Epileptic Signal Classification Based on Synthetic Minority Oversampling and Blending Algorithm

The scalp electroencephalogram (EEG) has been extensively studied for epileptic signal classification in the past, but little attention has been paid to the data imbalance among different epileptic states. It is well known that, in general, the duration of seizure onset is less than several minutes or even shorter. This will result in an imbalance problem when comparing to the durations of the preictal and interictal states. In this article, a novel epileptic classification and seizure detection algorithm for imbalanced data is proposed. The wavelet packet decomposition (WPD)-based statistical features (SFs) of multichannel EEGs are first extracted for representation.

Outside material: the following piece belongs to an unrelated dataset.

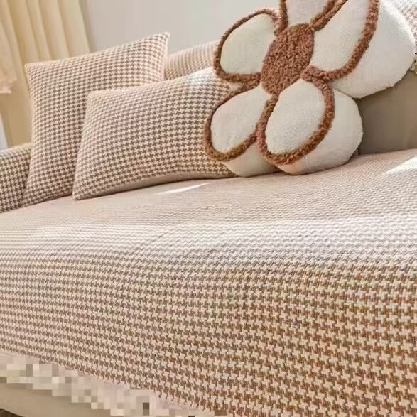 现代简约沙发垫四季通用布艺千鸟格老粗布防滑盖布客厅靠背扶手巾

Then, the K-means synthetic minority oversampling technique (K-means SMOTE) is applied for data balancing. A blending algorithm that consists of random forests (RFs), extremely randomized trees (Extra-Trees), and gradient boosting decision trees (GBDTs) is finally adopted for feature learning and epileptic signal classification. The developed algorithm provides an average accuracy of 89.49% and 83.90% on the Children's Hospital Boston (CHB)-MIT and iNeuro databases, respectively. For the patient-specific classification experiment on the iNeuro database, the proposed algorithm achieves the highest average accuracy of 92.68%.

Automated summary

This article introduces a novel algorithm for epileptic classification and seizure detection for imbalanced data, utilizing statistical features extracted from multichannel EEGs and applying data balancing techniques, followed by a blending algorithm for feature learning and epileptic signal classification, achieving high accuracy rates in the experiments.